I feel like I wasn’t entirely truthful with what I said, but at this point I feel like I might have to go through with it. Enough people have asked me about it. I don’t know what it is, but on 2012, I hear that a good safe place to be is somewhere where bodies of water converge, like rivers coming together. And Pittsburgh, at the heart of the city, three rivers come together, and there is a little amphitheater you can play at right where the rivers converge. I would love to do a 2012 performance there. But I don’t know if I could actually pull off a 24 hour set, we’ll have to see.
FP: What else are you up to in the near future?
GT: Just working on lots of new music. I do remixes with my friend Frank under the name Trey Told ‘Em, and I really want to get that going a little more. One of our ideas for a long time that we haven’t done is make a catalog of beats, more hip-hop production, and just shop that around to see if anyone would be interested.
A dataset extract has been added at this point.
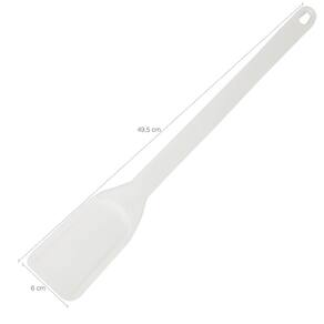 A espátula industrial branca da Cinquetti feita em plástico polipropileno, tem material resistente, durável e de fácil limpeza e manuseio, é utilizada para mexer alimentos em ambientes de produção de grande quantidade, como restaurantes, bares, hotéis, hospitais e refeitórios de escolas e empresas. A espátula branca de cozinha possui um cabo longo trazendo praticidade e segurança. Possui um orifício no cabo, permitido ser pendurada para melhor visualização e organização.
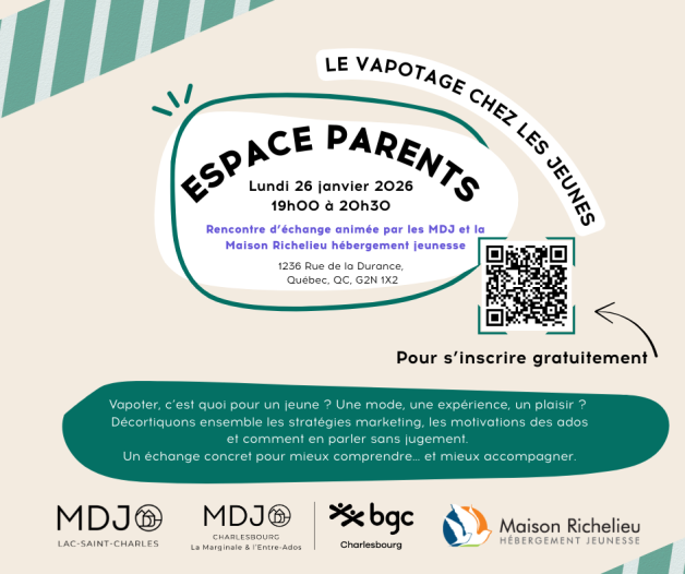 Parents, participez gratuitement à l’atelier organisé par les MDJ du Lac-Saint-Charles et La Marginale avec une intervenante de la Maison Richelieu ! Comprenez ce que vivent les ados face au vapotage, démystifiez les risques et repartez avec des outils concrets pour mieux les accompagner. Ne manquez pas cette occasion d’échanger et de soutenir votre ado. Infos et inscription sur nos réseaux et sites web.

We’re both big fans of studying the way a lot of hip-hop production goes down and being part of that. I’ve done remixed for people, but I’ve never actually just had something I could potentially sell for someone. That’s not something I’ve ever wanted to become dedicated to. I feel Girl Talk is always going to be the focus. I’m constantly fooling around and making beats, so I’d like to be a bit more proactive with that material.